__Problem description__: Could you return each entry below exactly as written, minus any pictures?

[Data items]
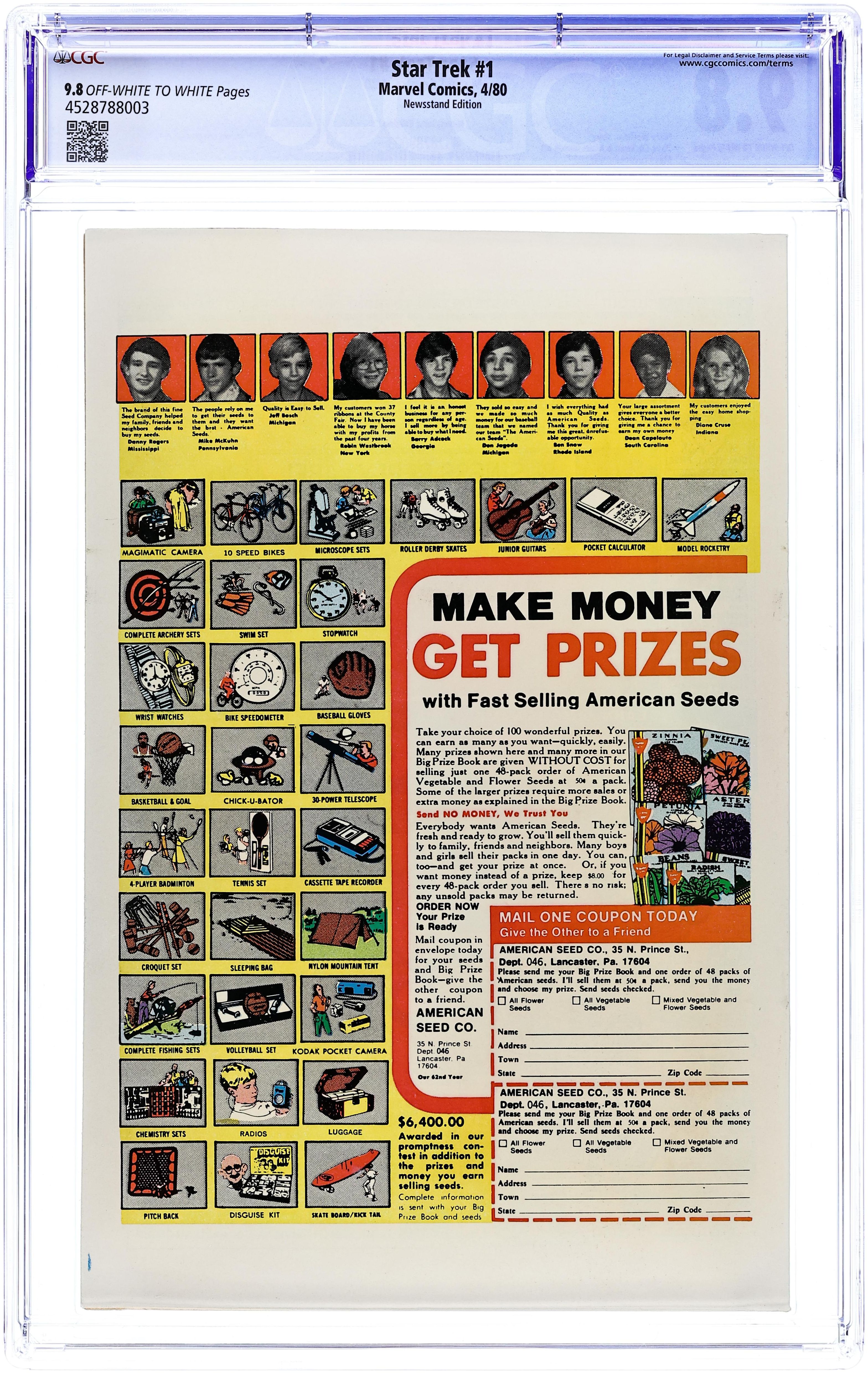Newsstand Edition. "Star Trek: The Motion Picture: Part 1 of 3!" Based on the screenplay by Harold Livingston and the Story by Alan Dean and Gene Roddenberry. Adapted by Marv Wolfman. Art by Dave Cockrum and Klaus Janson. It's the comic book adaptation of the Big Screen debut of Gene Roddenberry's sci-fi phenomenon! When a threat from beyond the stars threatens a billion lives, the brave crew of the USS Enterprise must once again assemble and head off into the Final Frontier. 32 pages, FC. Cover price $0.40.
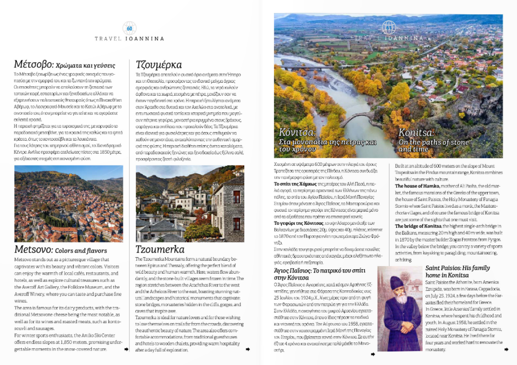 Μια εκτενή παρουσίαση στον Νομό Ιωαννίνων και στις ιδιαίτερες ομορφιές του φιλοξενεί η ειδική freepressελληνοαγγλική έκδοση του περιοδικού «Travel Νομός Ιωαννίνων» που κυκλοφορεί το Ciao και το iciao.gr.
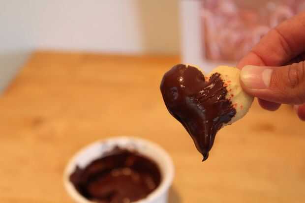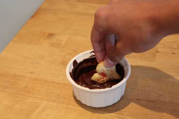 Sumergir en el chocolate con la mano para cubrir aproximadamente 3/4 de la cookie (dejar espacio para espacio de dedo).
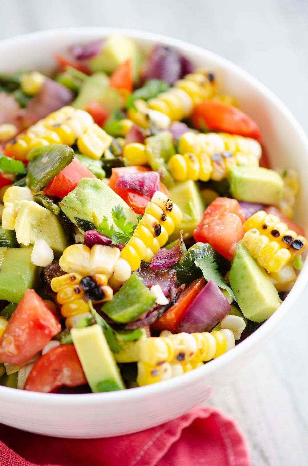 Grilled Corn Avocado Salad is a fresh and healthy side salad served with grilled meat or a salsa perfect with salty tortilla chips.
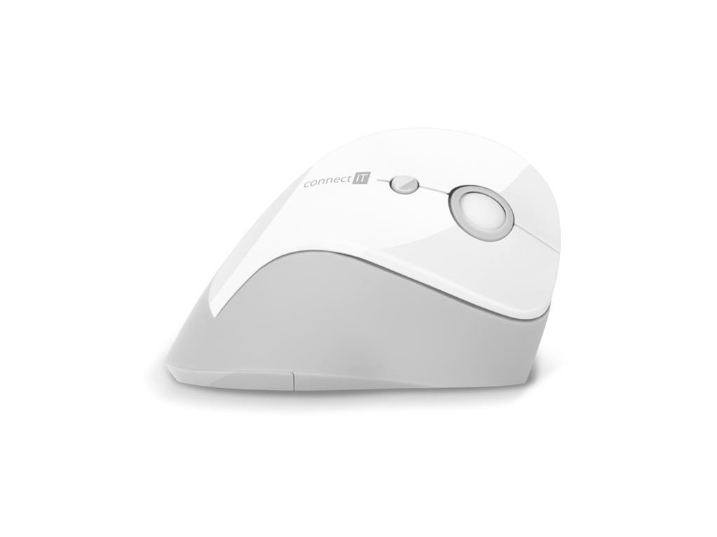 CONNECT IT FOR HEALTH ergonomická vertikální myš, (+ 1x AA baterie zdarma), bezdrátová, BÍLÁ
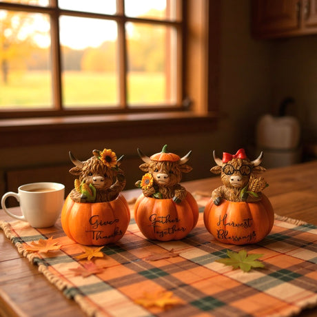 Harvest Highland Cow – Resin Fall Tabletop Accent Figurines
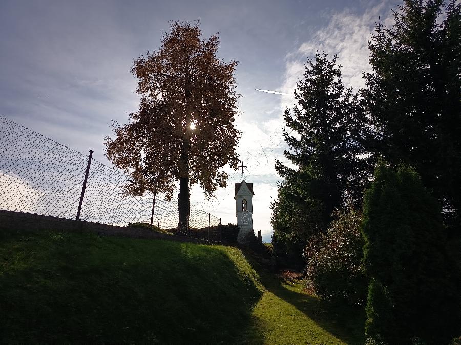 Zděná hranolová boží muka na severním okraji obce za zámkem. Na širším čtvercovém podstavci s kamenným soklem, v horní části mohutná kaplice s průčelní hlubokou nikou; v ní křížek a soška. Krytá sedlovou stříškou. Datace nezjištěna (na soklu letopočet 1998 - rekonstrukce nebo nově postavena?)

__Answer space__:
Newsstand Edition. "Star Trek: The Motion Picture: Part 1 of 3!" Based on the screenplay by Harold Livingston and the Story by Alan Dean and Gene Roddenberry. Adapted by Marv Wolfman. Art by Dave Cockrum and Klaus Janson. It's the comic book adaptation of the Big Screen debut of Gene Roddenberry's sci-fi phenomenon! When a threat from beyond the stars threatens a billion lives, the brave crew of the USS Enterprise must once again assemble and head off into the Final Frontier. 32 pages, FC. Cover price $0.40.
 Μια εκτενή παρουσίαση στον Νομό Ιωαννίνων και στις ιδιαίτερες ομορφιές του φιλοξενεί η ειδική freepressελληνοαγγλική έκδοση του περιοδικού «Travel Νομός Ιωαννίνων» που κυκλοφορεί το Ciao και το iciao.gr.
 Sumergir en el chocolate con la mano para cubrir aproximadamente 3/4 de la cookie (dejar espacio para espacio de dedo).
 Grilled Corn Avocado Salad is a fresh and healthy side salad served with grilled meat or a salsa perfect with salty tortilla chips.
 CONNECT IT FOR HEALTH ergonomická vertikální myš, (+ 1x AA baterie zdarma), bezdrátová, BÍLÁ
 Harvest Highland Cow – Resin Fall Tabletop Accent Figurines
 Zděná hranolová boží muka na severním okraji obce za zámkem. Na širším čtvercovém podstavci s kamenným soklem, v horní části mohutná kaplice s průčelní hlubokou nikou; v ní křížek a soška. Krytá sedlovou stříškou. Datace nezjištěna (na soklu letopočet 1998 - rekonstrukce nebo nově postavena?)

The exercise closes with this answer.